Where the lines below hold images, skip those and copy every word exactly.

-- Data section --
•••••

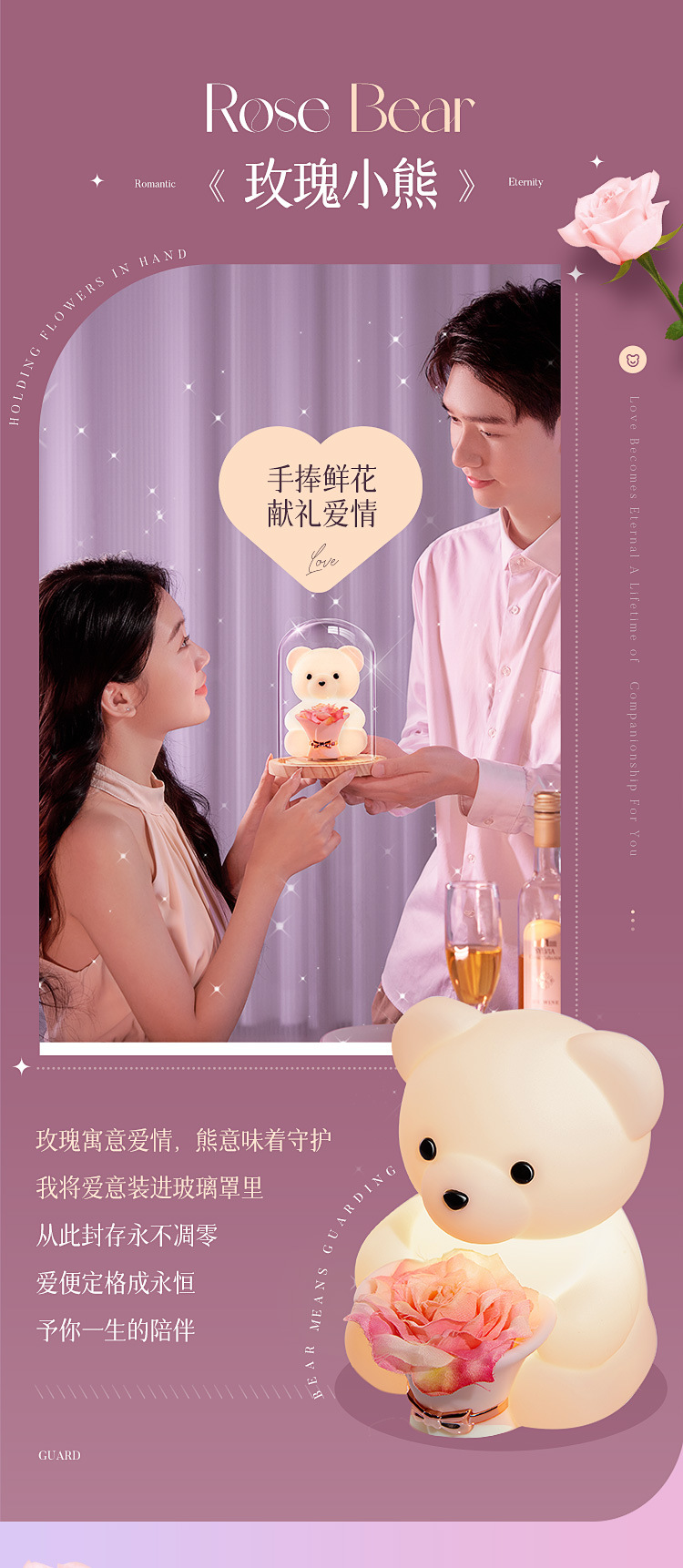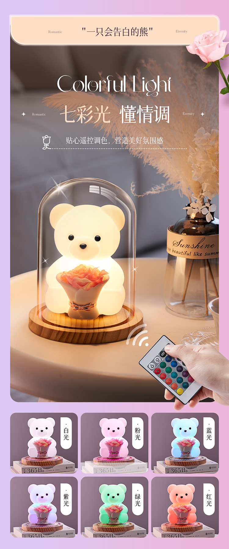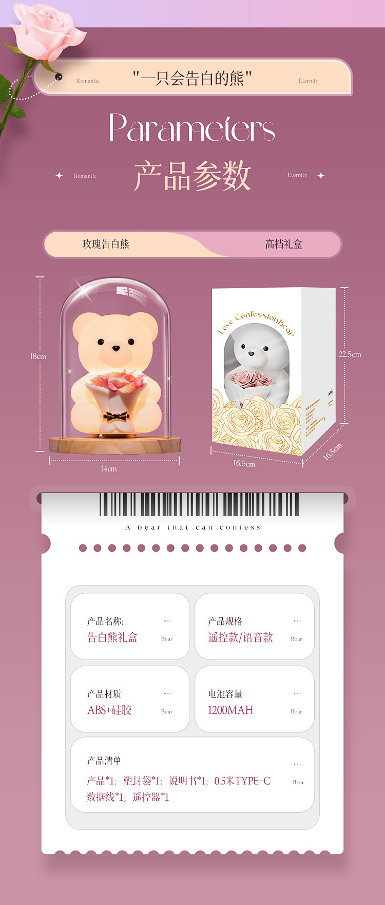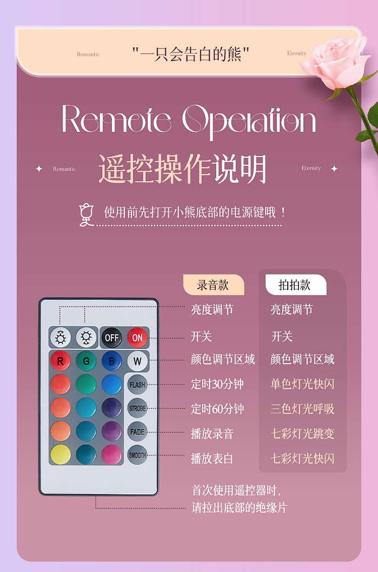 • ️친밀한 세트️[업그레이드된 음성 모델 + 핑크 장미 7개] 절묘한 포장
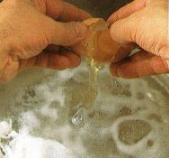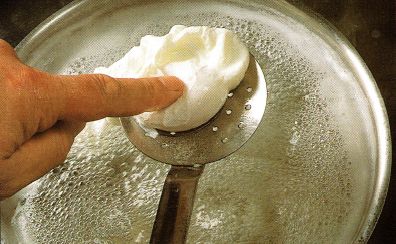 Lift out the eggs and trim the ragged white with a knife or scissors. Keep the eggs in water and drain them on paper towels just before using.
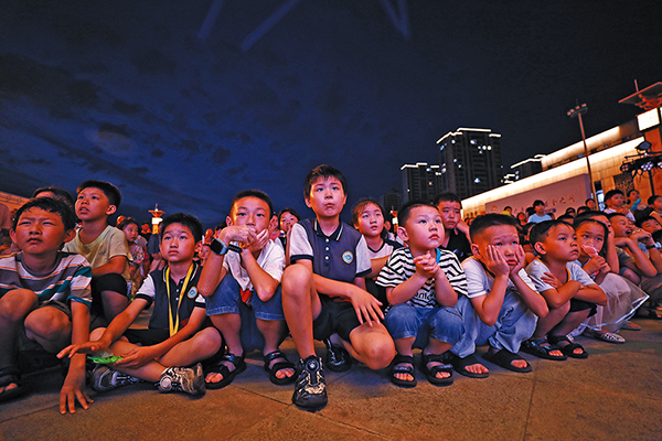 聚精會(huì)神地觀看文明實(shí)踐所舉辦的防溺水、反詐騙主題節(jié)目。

•••••

-- Response to this exercise --
 • ️친밀한 세트️[업그레이드된 음성 모델 + 핑크 장미 7개] 절묘한 포장
 Lift out the eggs and trim the ragged white with a knife or scissors. Keep the eggs in water and drain them on paper towels just before using.
 聚精會(huì)神地觀看文明實(shí)踐所舉辦的防溺水、反詐騙主題節(jié)目。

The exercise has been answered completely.